Desk editor's note, referee report, simulated authors' rebuttal, and a circularity audit. Tearing a paper down is the easy half of reading it; the pith above is the substance, this is the friction.

Desk Editor's Note private letter to a colleague

The k-means view of CoT on graphs is a usable framing but the central Transformer correspondence is asserted without equations or derivation.

read the letter

The key takeaway is that this paper gives chain-of-thought on graphs a clustering interpretation through k-means, which might help with designing more interpretable reasoning steps, but the claimed formal link between Transformer blocks and k-means needs to be shown explicitly to be convincing.
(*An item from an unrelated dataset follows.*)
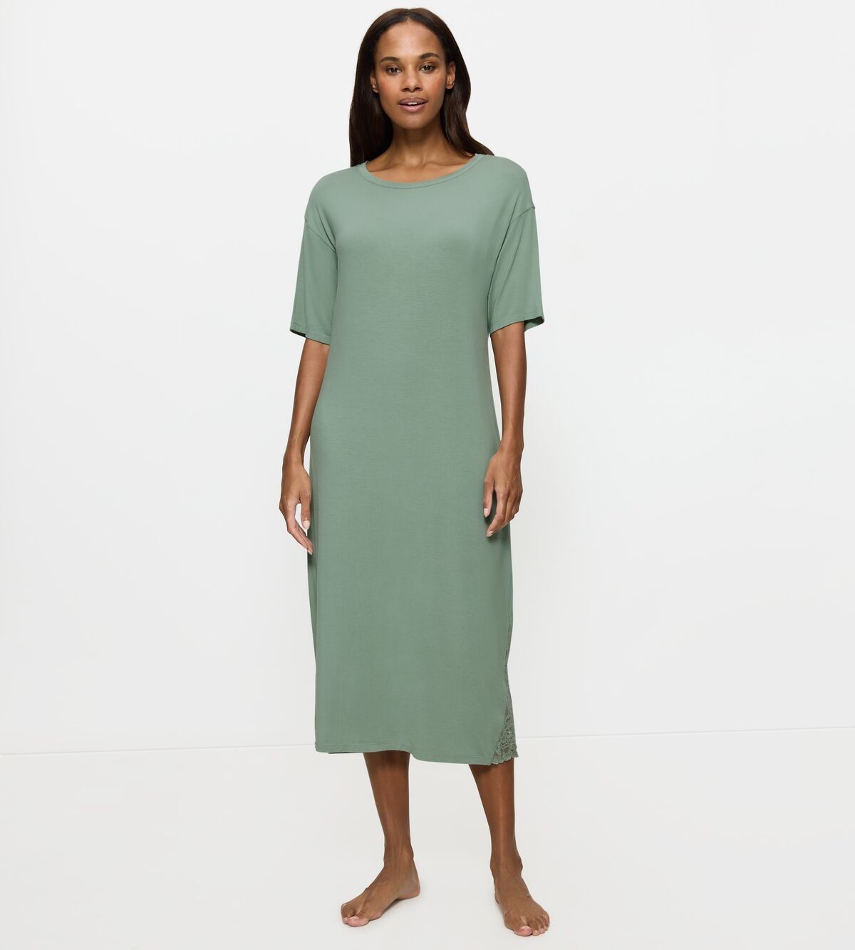 Ülipehmest ja mugavast viskoostrikotaažist lühikeste varrukatega öösärk. Mugav põlvedeni pikkus. Kaunid pitsdetailid küljeõmblustes lisavad elegantsust. Materjal on väga nahasõbralik ja ei vaja triikimist.

They start from the observation that current graph CoT approaches use separate architectures for the graph part and the reasoning part, which keeps semantic and topological information from interacting closely across steps. KCoT aims to bring them together in one framework. The theoretical contribution is the mapping that turns reasoning into assignment and update phases like in k-means. From there they build the Semantic Discriminating Prompt to make those steps part of the CoT process, plus an alignment method that incorporates graph structure into the evolving representations. The experiments section reports better results than prior methods on the usual benchmarks.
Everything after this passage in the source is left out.